High-Resolution Audio: FAQs Part 1
In preparation of my consumer guide to “High-Resolution Audio” handout, I’m going to include a frequently asked questions section. Here’s the first part of two:
1. What is High-Resolution Audio?
High-Resolution Audio describes recordings that have been recorded and released using technologies that meet or exceed the capabilities of human hearing with regards to frequency response, dynamic range, temporal accuracy, and spatial distribution.
2. What isn’t High-Resolution Audio?
High-Resolution Audio is not old, standard-resolution analog or digital recordings – including analog tape, vinyl LPs or CDs – that have been upconverted or transferred to high specification digital formats (minimum of 88.2|96 kHz/24-bit PCM or 5.6 MHz DSD). The fidelity of old master remains at the fidelity of the originals…standard-resolution.
3. What are the differences between existing music formats and High-Resolution Audio?
Lossy compressed file formats like MP3, AAC, and OGG discard some elements of the music, which results in smaller files with lower fidelity. CDs don’t lose any information and can sound terrific but are unable to meet the capabilities of human hearing. High-Resolution Audio raises the bar to a level that offers artists, engineers, producers, and labels the potential to provide “real world” fidelity to consumers for the first time. There is increased dynamic range, extended frequency range, more accurate timing, and and better spatial distribution when compared to lossy MP3s and even compact discs..
4. How do the major labels and industry organizations define High-Resolution Audio?
Their definition states, High-Resolution Audio is defined as “lossless audio that is capable of reproducing the full range of sound from recordings that have been mastered from better than CD quality music sources.”
They also discuss “master quality descriptors” that describe the types of formats that can be used as sources for high-res audio.
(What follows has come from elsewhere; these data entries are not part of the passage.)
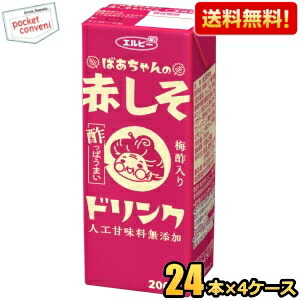 送料無料 エルビー ばあちゃんの赤しそドリンク 200ml紙パック 96本(24本×4ケース) 紫蘇 シソ ジュース 野菜ジュース 爆買
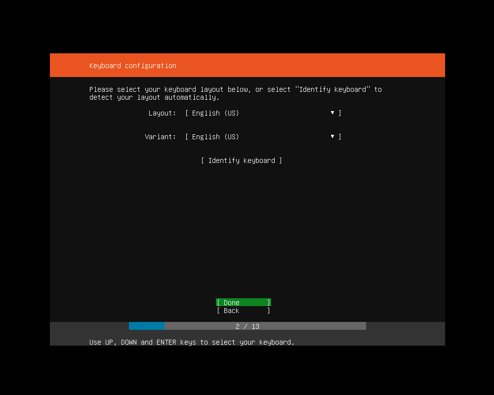 - Keyboard layout을 설정합니다. ‘English (US)’를 선택합니다.
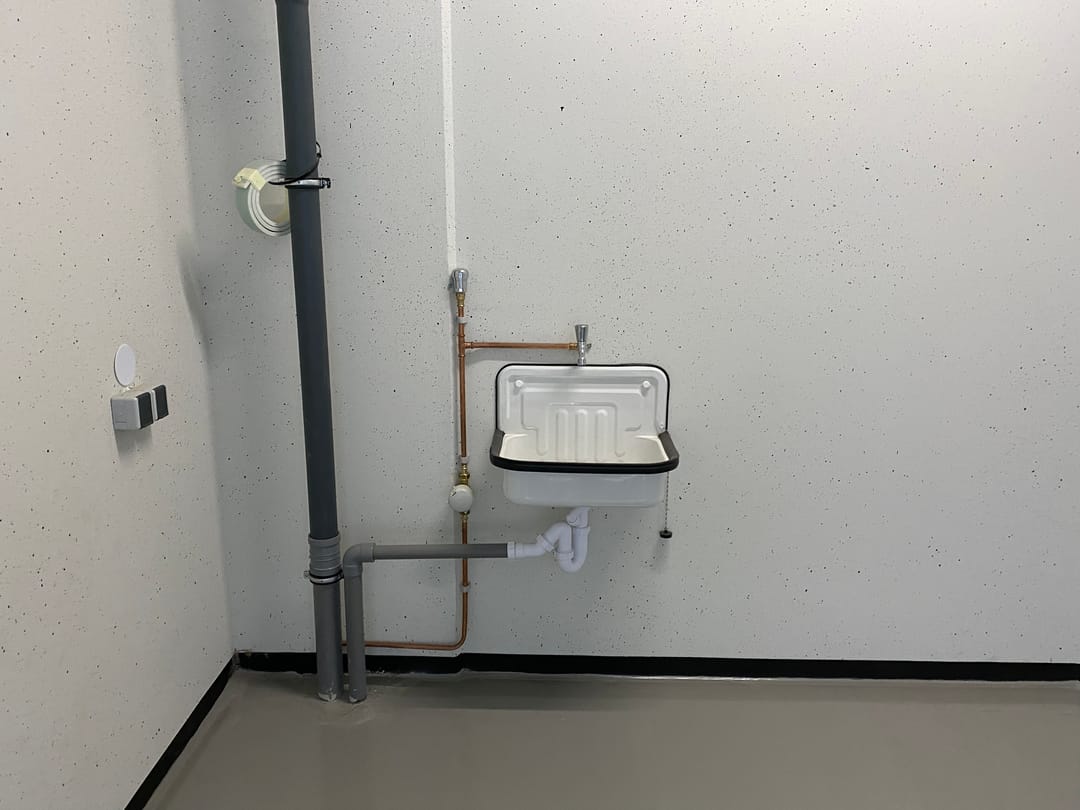- Wateraansluiting in de box met fonteintje, uitstortgootsteen en afvoer;
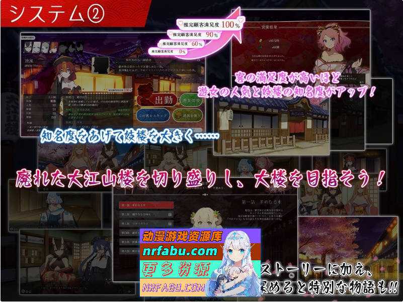 通过女中介招募游女,或者教育所属游女,通过花魁道中赚取游女的人气等,白天是可以自由行动的时间。
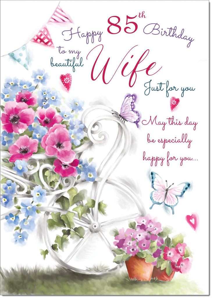 Wife 85th Birthday Card Age 85 Garden Wheelbarrow Bouquet
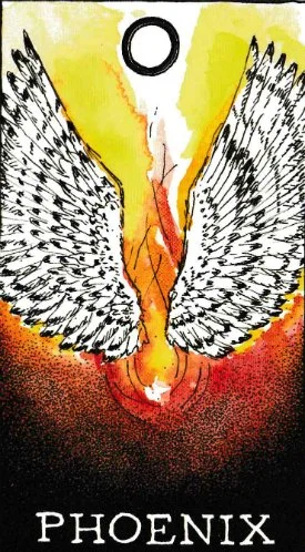 The most interesting bit of his reading for me, the part I was most excited to read through, is his Air alignment. With so much focus on Air energy, communication, and observation, I was curious to see how it would show up in his reading. The Air Alignment refers to conscious level thought processing, patterns of logic, focus, communication, and planning. Here, he has the Phoenix, one of the seven Spirit cards in the deck, which is associated with the Root Chakra.

One of them is MQ-A. It allows any analog source from any era to be used as a source for High-Resolution Audio. Another is MQ-C. Despite the prohibition stated above, compact discs can also be used as a source for HRA. How can something that is supposed to be “better than CD quality” be supplied by a CD? This definition is inaccurate, confusing, self-contradictory, and has been widely criticized.
The labels and organizations would prefer to have hardware companies, digital music stores, and streaming services adopt a definition for High-Resolution Audio that includes virtually ALL recordings ever made regardless of the fidelity of the files as long as they are transferred to large digital files. Consumers and media outlets have failed to understand the critically important sequential link between source fidelity and the specification of the delivery file. Higher specifications don’t elevate the fidelity of the original.
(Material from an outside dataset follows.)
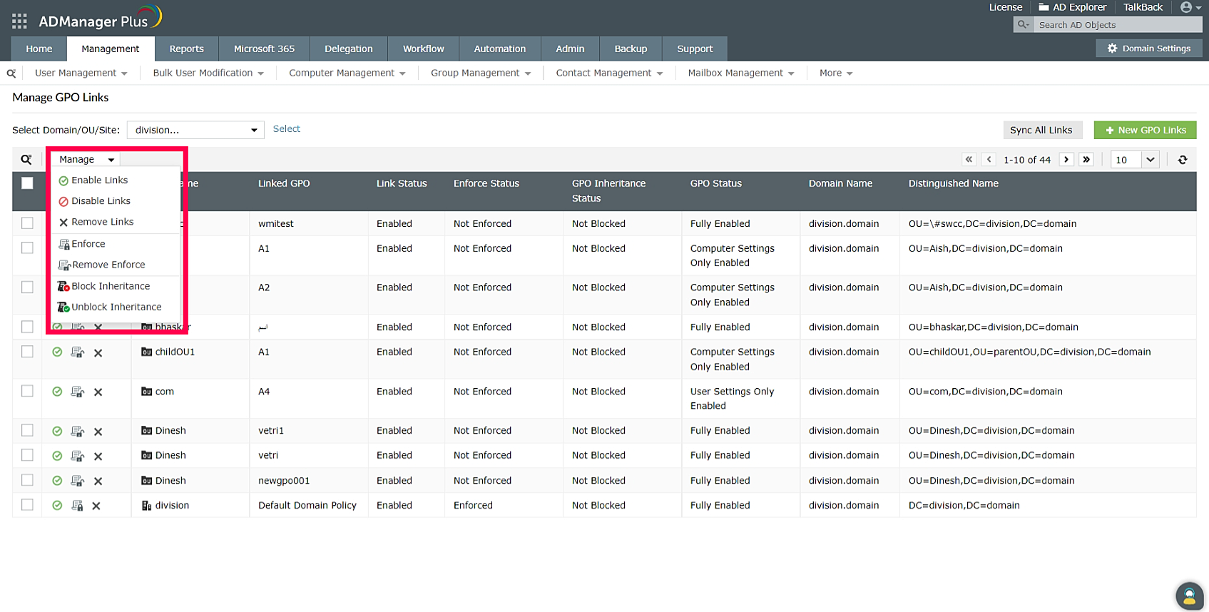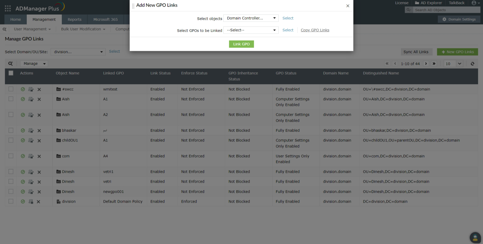 Configuring a GPO that needs to be linked with multiple nodes is a repetitive and inefficient task. However, ADManager Plus makes GPO link management easy by allowing administrators to link GPOs to multiple nodes in a single click (Figure 4).

5. Will I be able to hear any differences between what I’ve been listening to and the new High-Resolution Audio format?
The sonic differences between what you’re used to listening to and bona fide High-Resolution Audio files is subtle and difficult to hear unless you have a high-end playback system and have been trained to hear the additional fidelity.
However, many of the “so-called” High-Resolution Audio files offered for sale are derived from standard-resolution analog audio sources and don’t benefit from the higher specifications. They represent the highest fidelity currently available – Master Source Quality – but fail to meet the higher requirements of real High-Resolution Audio.
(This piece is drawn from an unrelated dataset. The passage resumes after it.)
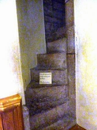 As usual I am fascinated by the other nooks and crannies in these old places. These stairs obviously originate back the the more castle-like structure of the house. No doubt the servants route from one place to another. The picture is grainy because without the use of a flash it was too dark to be seen, so I have brightened it.
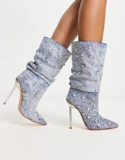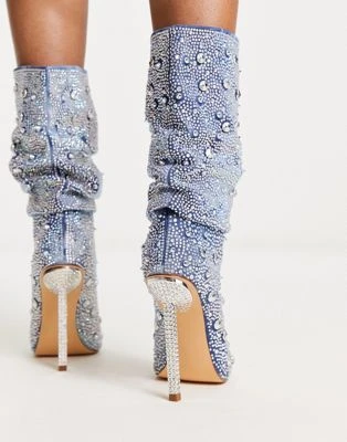 Steve Madden – Finkle – Stivali Al Ginocchio Con Tacco Color Osso Con Cinturini E Borchie

The high-resolution digital download sites are supplied new transfers from analog tape to high spec digital files. Sometimes they are remastered and other times they are simply transferred.
38 thoughts on “High-Resolution Audio: FAQs Part 1”
Can you please elaborate on “accurate timing, and spatial distribution”.
There is increasing evidence that the timing of audio signals must be kept to within 5 or 10 micro seconds. This means a sample rate of 96 kHz. It also contributes to accurate spatial distribution of directional information when listening to stereo or surround sound.
Can you please post a link for reference. Thanks.
I’m sorry, a link to what item?
I remember reading that the theoretical time resolution of PCM is 1 / ( pi × sample-rate × number-of-levels), which, for Red-book, comes out at less than 1 nano-second!
There was a simple experiment performed here: http://forums.stevehoffman.tv/threads/time-resolution-of-red-book-45ns.85436/
that suggests that it is indeed the order of nano-seconds rather than micro-seconds.
The research that Robert Stuart published at the most recent AES convention gives 5-10 microseconds.
We may need to define here what we are looking for:
A burst of noise from a silence back to silence is probably perceived when much shorter than a musical track lacking perfect synchronization (or in phase signals). I would also appreciate to learn more.
I’m looking in to the whole timing issue…I’ll let you know.
Yes, but Robert Stuart’s statement (that human hearing can be sensitive to timing differences down to 5 µs) is not what’s being questioned.
The question is what is the minimum timing difference that can be resolved by CD? It’s not simply a function of the sample-rate; the bit-depth plays a factor too, and mathematics says the answer is < 1 nano-second.
There’s a useful video that supports the theory here: https://xiph.org/video/vid2.shtml
At 20:52, it shows smoothly varying the timing of a signal at CD rate in between the nominal sampling-points.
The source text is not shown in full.